Department of Neurology, Soonchunhyang University College of Medicine, Seoul, Korea.
J Clin Neurol. 2006 Sep;2(3):171-8. doi: 10.3988/jcn.2006.2.3.171. Epub 2006 Sep 20.
There is no clear description about the patterns of each mechanism of striatocapsular infarctions. The aims of our study were to elucidate differences in the distributions of lesions of acute middle cerebral artery (MCA) infarctions involving the striatocapsular region and to compare those following embolic striatocapsular infarctions with those originating from MCA disease.
We prospectively enrolled patients with acute infarcts located in the lenticulostriate artery territory that were not lacunar infarcts. Brain coronal diffusion-weighted imaging (DWI) was obtained and magnetic resonance angiography (MRA) was carried out to evaluate the distribution of infarct lesions and MCA stenosis in all patients. The types of infarct distribution were divided into three categories: (1) dominant in the distal territory (DD), (2) distributed equally between the distal and proximal territories (DE), and (3) dominant in the proximal territory. We performed tests for embolic sources (transthoracic echocardiography, transesophageal echocardiography, Holter monitoring, and contrast-enhanced MRA including the aortic arch) in most patients. Stroke mechanisms were classified into stroke from proximal embolism, MCA disease, and stroke of undetermined etiology.
A total of 47 patients (28 men and 19 women; mean age, 62 years) were recruited. A proximal embolic source was significantly more prevalent in patients with a DE lesion than in those with a DD lesion. The most common proximal embolic source was of cardiac origin. In contrast, symptomatic MCA stenoses were more common in patients with a DD lesion than in those with a DE lesion.
These results suggest that the dominant area of striatocapsular infarction on coronal DWI is an important clue for stroke etiology. Coronal DWI could therefore be helpful to determining the mechanisms in patients with striatocapsular infarctions that are currently described as having an "undetermined etiology" according to the Trial of Org 10172 in Acute Stroke Treatment classification.
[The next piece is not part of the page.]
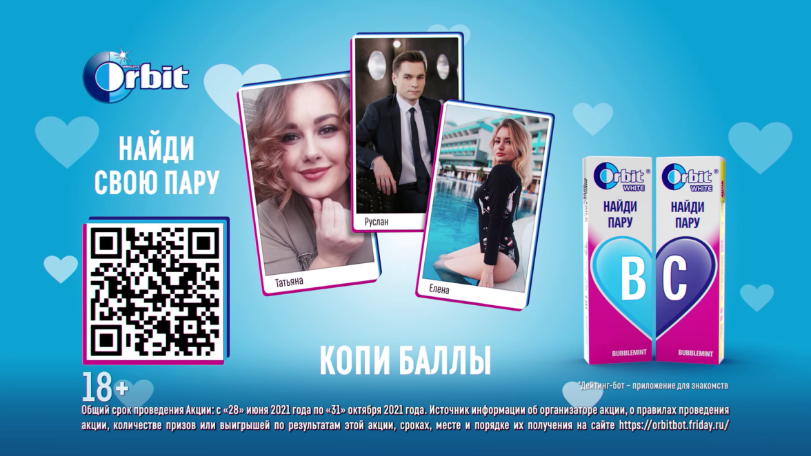 С помощью акции «Найди свою пару» планировалось повысить релевантность бренда жевательной резинки Orbit на территории свиданий. В основе этой рекламной кампании лежит идея о том, что людям достаточно сложно знакомиться онлайн из-за страха быть непонятыми или показаться неинтересными.

对于纹状体-脑囊梗死各机制的模式,尚无明确的描述。本研究旨在阐明累及纹状体-脑囊区域的急性大脑中动脉(MCA)梗死病变分布的差异,并比较栓塞性纹状体-脑囊梗死与起源于 MCA 病变的梗死。
我们前瞻性纳入了非腔隙性梗死的急性位于纹状体纹状动脉区域的梗死患者。对所有患者均行脑冠状位弥散加权成像(DWI)和磁共振血管造影(MRA)以评估梗死病变和 MCA 狭窄的分布。梗死分布类型分为 3 种:(1)远侧优势型(DD),(2)远侧和近侧分布均等型(DE),(3)近侧优势型。我们对大多数患者进行了栓塞源检查(经胸超声心动图、经食管超声心动图、动态心电图监测和对比增强 MRA 包括主动脉弓)。将卒中机制分为近端栓塞性卒中、MCA 病变性卒中和病因不明性卒中。
共纳入 47 例患者(28 例男性和 19 例女性;平均年龄 62 岁)。DE 病变患者中,近端栓塞源更常见。最常见的近端栓塞源来自心脏。相比之下,DD 病变患者中,症状性 MCA 狭窄更为常见。
这些结果表明,冠状位 DWI 上纹状体-脑囊梗死的优势区是卒中病因的重要线索。因此,冠状位 DWI 可能有助于确定目前根据急性卒中治疗试验的 Org 10172 分类描述为“病因不明”的纹状体-脑囊梗死患者的机制。